Nous avons démonté un projecteur dans notre studio pour voir son fonctionnement de l’intérieur. Lorsqu’on a enlevé le film polarisant, le film disparaissait et se transformait en spot de lumière. Mais lorsqu’on plaçait le film polarisant entre la surface et la lentille, le film réapparaissait. Ça m’a donné l’idée de marcher sous un projecteur avec un parapluie qui projetterait la vidéo dans son ombre. Nous avons complètement remplacé la vidéo par rapport à la première fois que l’œuvre a été montrée et avons travaillé sur les pavés de la ville de Paris en ajoutant plus d’éléments liés à la pluie et aux fleurs.
En 2008, vous avez conçu la “Cabbage Chair” à partir de pliages de papier pour l’exposition “XXIst Century Man” dirigée par Issey Miyake à Tokyo. Vous avez depuis réalisé deux concepts de boutiques pour lui à Tokyo également. Qu’avez-vous appris de lui à propos du rôle d’un designer ?
Monsieur Miyake m’a dit il y a dix ans que la grande différence entre un artiste et un designer est qu’un artiste peut librement transmettre toutes sortes d’émotions, comme la tristesse, la colère ou la peur. Alors que le rôle d’un designer est de transmettre la joie. Pour moi, autant le designer que l’artiste ont cette mission de transmettre la joie aux gens. Il s’agit de montrer aux autres comment voir les choses différemment, enrichir leur vie et leur permettre de profiter de chaque jour. En tant que designer, il est important de ne pas éviter les problèmes, mais bien d’essayer de les défier. Je prends autant de plaisir face aux succès qu’aux situations problématiques parce qu’elles font toutes partie de moi.
Comment définiriez-vous votre philosophie, et qu’est-ce qu’un bon design selon vous ?
La légèreté et la simplicité me sont très chères, mais ma philosophie première est la fonction. J’aime le terme “fonctionnel” parce qu’il contient le mot “fun” (en anglais “functional”). En plus d’être doté d’une certaine fonction, un objet doit avoir un élément émotionnel qui lie les gens, les espaces et les objets entre eux. C’est particulièrement vrai pour le design japonais qui peut parfois paraître minimaliste et froid. Les gens peuvent donc avoir peur de l’objet. Un peu d’humour et un élément de surprise sont comme une épice dans un plat: c’est un liant. Je veux créer quelque chose qui soit facile à comprendre pour tous, même pour des enfants ou pour des personnes n’ayant pas particulièrement de culture du design. Un bon design est celui qui peut s’expliquer à votre mère ou à un enfant au téléphone, et qui capte leur attention.
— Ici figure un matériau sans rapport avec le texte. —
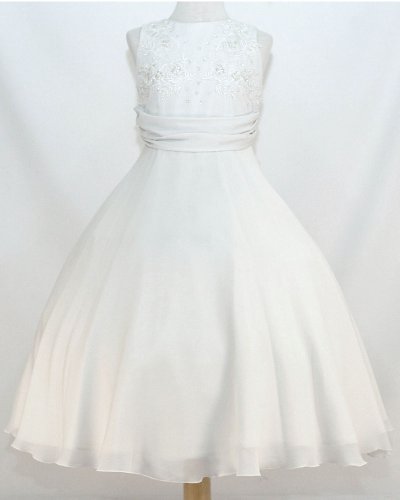 White Georgette Communion Dress with Lace Sheer Covered and Corsage Waist Back, Zipper Close Back

Il ne s’agit pas de formes ou de couleurs, mais de l’histoire derrière l’objet.
Qu’allez-vous montrer pendant le Salone del Mobile en avril ?
Je pense que nous allons montrer une petite exposition dans le showroom de Cappellini avec qui nous travaillons depuis 2003. Ce sera comme une rétrospective de toutes les pièces que nous avons créées pour eux au cours des 18 dernières années. Quelque chose d’interactif, comme “Uncovered Skies”, qui jouera avec la lumière et les ombres pour mettre en avant notre collaboration.